* **Required action**
What appears from the first line of the data below through the line containing "Obraz premium A", both included, should be copied exactly, and nothing else.

* **Provided material**
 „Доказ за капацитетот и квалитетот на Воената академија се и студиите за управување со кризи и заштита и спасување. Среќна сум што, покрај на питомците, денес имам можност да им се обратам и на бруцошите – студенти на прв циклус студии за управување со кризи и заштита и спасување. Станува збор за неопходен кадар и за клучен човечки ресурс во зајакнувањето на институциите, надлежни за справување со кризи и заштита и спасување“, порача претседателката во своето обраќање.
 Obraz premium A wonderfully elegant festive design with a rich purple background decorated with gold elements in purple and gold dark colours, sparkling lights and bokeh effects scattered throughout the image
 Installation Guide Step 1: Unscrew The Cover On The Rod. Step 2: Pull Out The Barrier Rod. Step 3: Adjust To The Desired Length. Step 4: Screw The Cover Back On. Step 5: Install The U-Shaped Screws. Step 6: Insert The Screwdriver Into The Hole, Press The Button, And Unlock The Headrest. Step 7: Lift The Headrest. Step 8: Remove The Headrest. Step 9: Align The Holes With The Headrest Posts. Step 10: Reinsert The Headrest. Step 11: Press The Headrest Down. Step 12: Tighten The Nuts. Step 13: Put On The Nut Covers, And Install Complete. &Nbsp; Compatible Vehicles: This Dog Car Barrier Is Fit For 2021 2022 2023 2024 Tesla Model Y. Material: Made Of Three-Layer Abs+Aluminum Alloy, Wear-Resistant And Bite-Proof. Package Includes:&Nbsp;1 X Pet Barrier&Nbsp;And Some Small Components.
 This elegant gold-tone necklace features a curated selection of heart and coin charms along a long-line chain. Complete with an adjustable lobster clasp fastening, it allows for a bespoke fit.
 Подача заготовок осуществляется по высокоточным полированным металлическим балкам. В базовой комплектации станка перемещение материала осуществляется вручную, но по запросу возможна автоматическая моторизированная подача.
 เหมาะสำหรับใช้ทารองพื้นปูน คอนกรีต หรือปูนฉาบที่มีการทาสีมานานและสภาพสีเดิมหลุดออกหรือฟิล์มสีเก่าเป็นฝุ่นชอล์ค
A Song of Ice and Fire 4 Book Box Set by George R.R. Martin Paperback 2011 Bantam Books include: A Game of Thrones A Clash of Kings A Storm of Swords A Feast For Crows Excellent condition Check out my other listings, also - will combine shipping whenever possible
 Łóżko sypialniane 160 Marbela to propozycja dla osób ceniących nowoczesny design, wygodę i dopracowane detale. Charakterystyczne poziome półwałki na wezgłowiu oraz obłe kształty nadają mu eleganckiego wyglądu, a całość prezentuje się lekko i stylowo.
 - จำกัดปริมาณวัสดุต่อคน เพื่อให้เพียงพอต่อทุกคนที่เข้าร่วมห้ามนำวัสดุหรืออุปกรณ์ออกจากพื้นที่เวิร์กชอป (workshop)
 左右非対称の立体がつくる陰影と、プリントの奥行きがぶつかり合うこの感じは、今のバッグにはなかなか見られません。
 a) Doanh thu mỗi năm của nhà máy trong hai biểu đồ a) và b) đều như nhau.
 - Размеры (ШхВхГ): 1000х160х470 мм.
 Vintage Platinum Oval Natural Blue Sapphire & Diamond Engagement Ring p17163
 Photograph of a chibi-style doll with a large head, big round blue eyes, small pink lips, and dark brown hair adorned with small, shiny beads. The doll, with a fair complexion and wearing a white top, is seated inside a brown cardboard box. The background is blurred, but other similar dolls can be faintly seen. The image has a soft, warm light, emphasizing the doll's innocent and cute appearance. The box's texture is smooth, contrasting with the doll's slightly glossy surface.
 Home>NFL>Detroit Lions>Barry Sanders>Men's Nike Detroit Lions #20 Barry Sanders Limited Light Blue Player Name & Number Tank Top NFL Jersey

* **Result for this task**
 „Доказ за капацитетот и квалитетот на Воената академија се и студиите за управување со кризи и заштита и спасување. Среќна сум што, покрај на питомците, денес имам можност да им се обратам и на бруцошите – студенти на прв циклус студии за управување со кризи и заштита и спасување. Станува збор за неопходен кадар и за клучен човечки ресурс во зајакнувањето на институциите, надлежни за справување со кризи и заштита и спасување“, порача претседателката во своето обраќање.
 Obraz premium A wonderfully elegant festive design with a rich purple background decorated with gold elements in purple and gold dark colours, sparkling lights and bokeh effects scattered throughout the image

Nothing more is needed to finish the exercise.